→ **Extracted data**
= Beginning of Section =

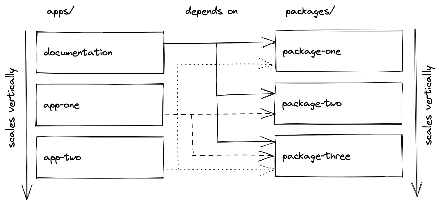 A monorepo can contain multiple applications (here: apps) whereas each application has access to shared set of packages. Bear in mind that this is already an opinionated monorepo structure, but it’s a common one if you get started with monorepos:
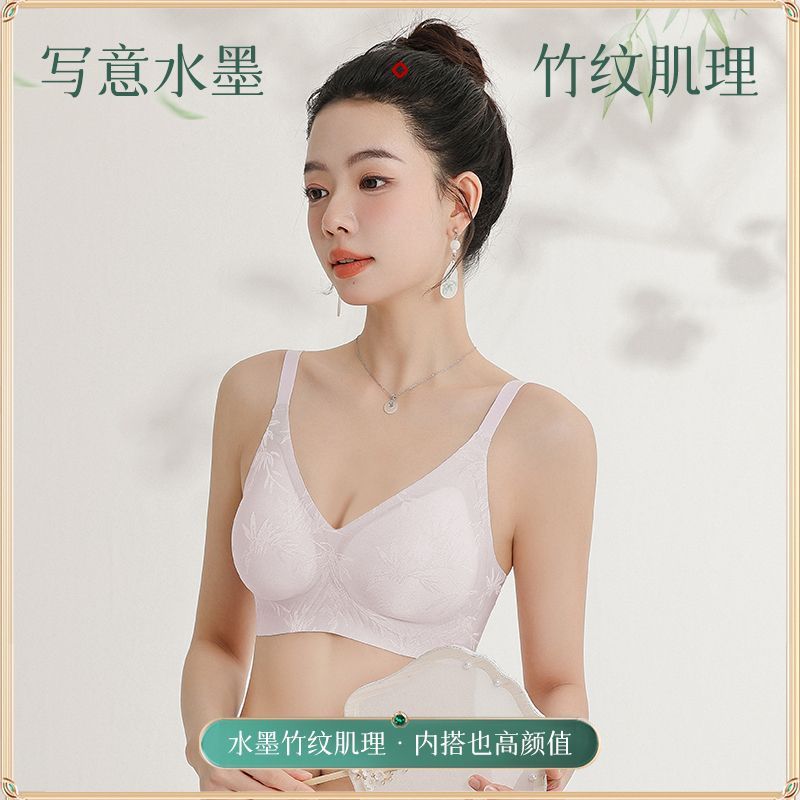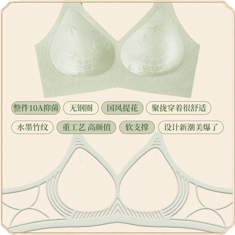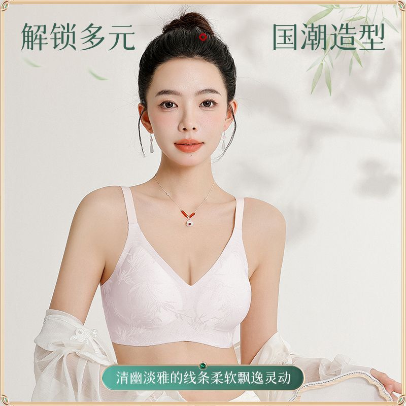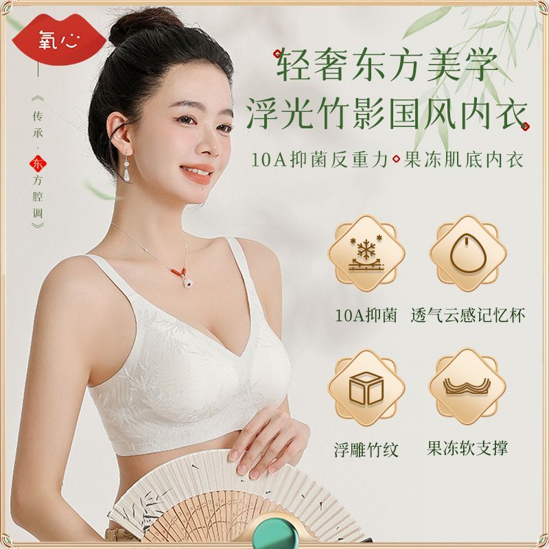 【2件装】Kissy氧心浮光竹影国风内衣女无痕抑菌果冻软支撑文胸罩
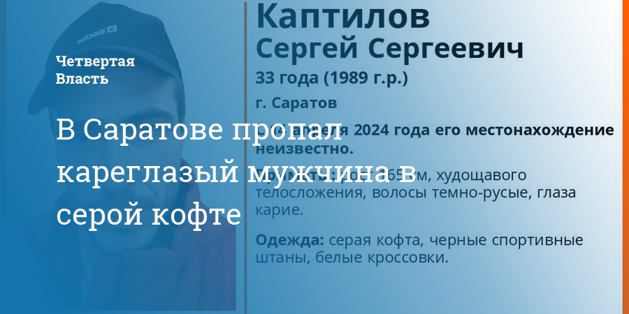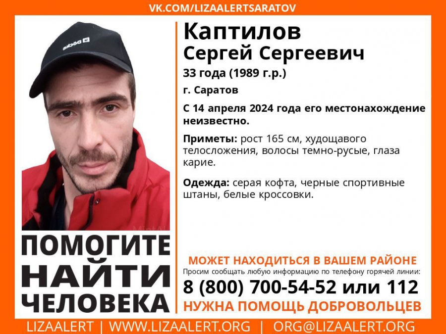 В Саратове без вести пропал 33-летний Сергей Каптилов. Об этом сообщили в телеграм-канале поискового отряда «ЛизаАлерт».
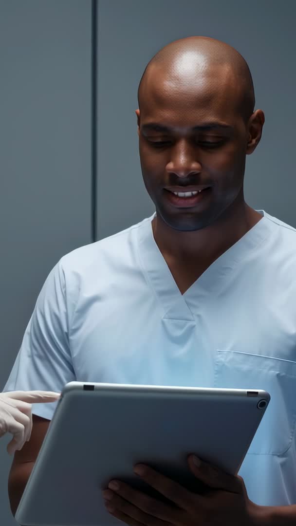 AI Generated Video. Vertical portrait video showing male clinician in blue scrubs reviewing tablet while gloved colleague pointing at screen. Soft clinical lighting creating calm, focused mood. Close-up composition highlighting facial expression, tablet interaction, and teamwork between clinicians. Footage conveying modern digital health workflow, telemedicine consultation, EMR review, and diagnostic collaboration. Useful for healthcare websites, hospital marketing, medical training modules, clinical technology demos, electronic health record tutorials, and social media campaigns. Clips supporting editorial pieces about digital transformation in healthcare, staff training, patient communication, and teamwork. Color grading and vertical framing optimizing content for mobile-first platforms and short-form video channels.
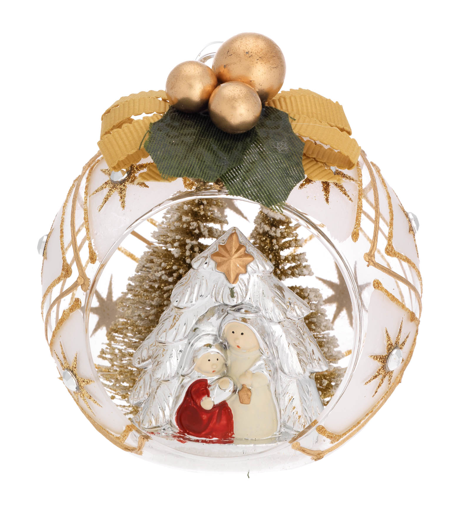 Hand-decorated glass sphere nativity scene 8cm in diameter, with gift box.
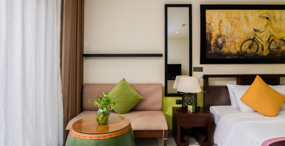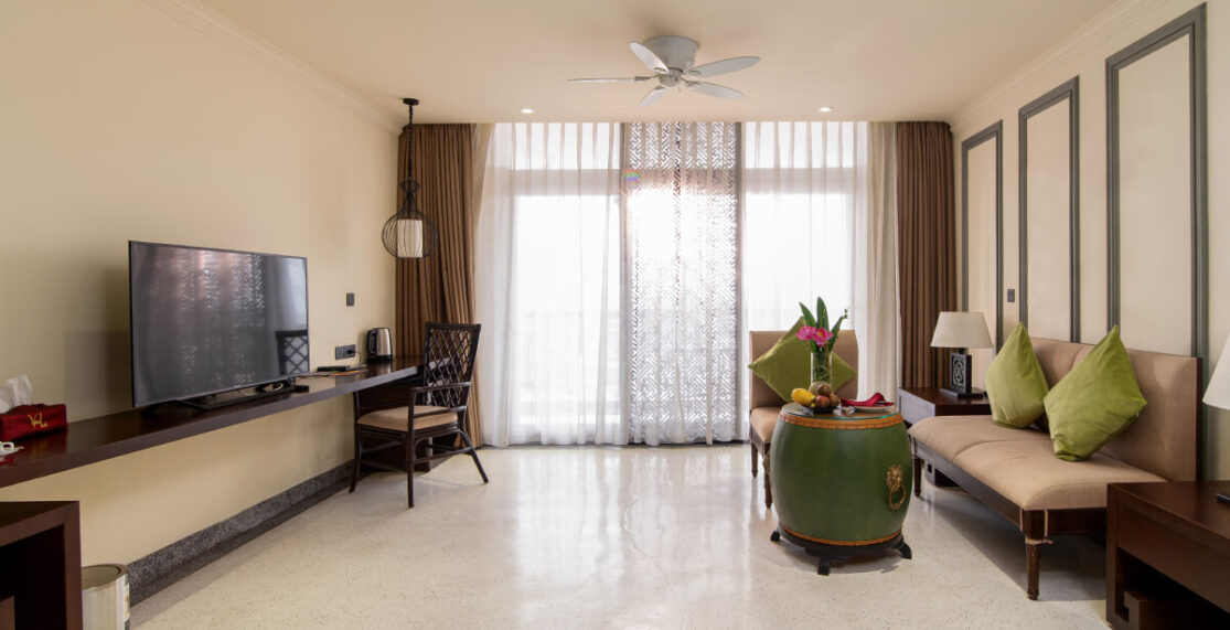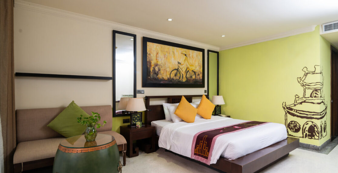 Phòng Royal Superior Twin mang phong cách trang nhã với điểm nhấn nghệ thuật truyền thống, tạo nên không gian ấm cúng và tinh tế. Giường đôi êm ái cùng gối màu vàng nổi bật, sofa tiếp khách và ánh sáng tự nhiên từ cửa sổ lớn giúp phòng luôn thoáng đãng, dễ chịu.
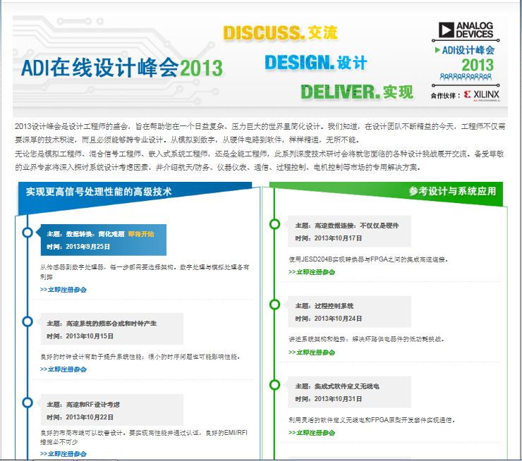 在接下來的活動中,ADI 2013在線設計峰會將安排共6場高水準的在線研討會,包括ADI專家團隊帶來的實現(xiàn)更高信號處理性能與參考設計和系統(tǒng)應用為主題的技術指導,如“數(shù)據(jù)與電源隔離”、“系統(tǒng)分割與設計”、“液體與氣體檢測”等精彩主題,活動合作伙伴Xilinx還將展示他們基于ADI模擬和混合信號技術的領先解決方案。關注這些熱門主題的中國工程師們現(xiàn)在即可登陸ADI 2013在線設計峰會官方頁面并注冊參會,精彩不容錯過。本次峰會全部結(jié)束后,ADI還將貼心的對所有主題研討會的視頻和技術資源進行為期四個月的在線展示,讓錯失某期話題研討的工程師們不留遺憾。
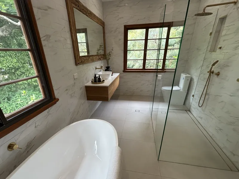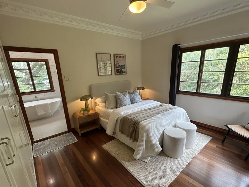 Featuring high ceilings throughout and stunning timber floors, the home boasts a spacious open-plan dining and family area that flows seamlessly from the kitchen—perfect for everyday living and entertaining. Comfort is assured year-round with air conditioning throughout, while the beautifully renovated bathrooms add a touch of luxury.
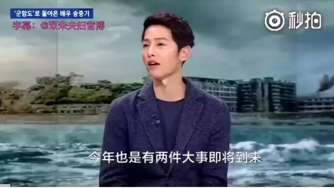 宋仲基在接受新闻采访的时候,直接说:“今年有两件大事,一件是电影《军舰岛》的上映,另一件是与宋慧乔结婚。”

= End of Section =

→ **Exercise instructions**
Take the lines from the one containing "Featuring high ceilings" through the last line of the listing and repeat them exactly. Omit the pictures.

→ **Completed exercise**
 Featuring high ceilings throughout and stunning timber floors, the home boasts a spacious open-plan dining and family area that flows seamlessly from the kitchen—perfect for everyday living and entertaining. Comfort is assured year-round with air conditioning throughout, while the beautifully renovated bathrooms add a touch of luxury.
 宋仲基在接受新闻采访的时候,直接说:“今年有两件大事,一件是电影《军舰岛》的上映,另一件是与宋慧乔结婚。”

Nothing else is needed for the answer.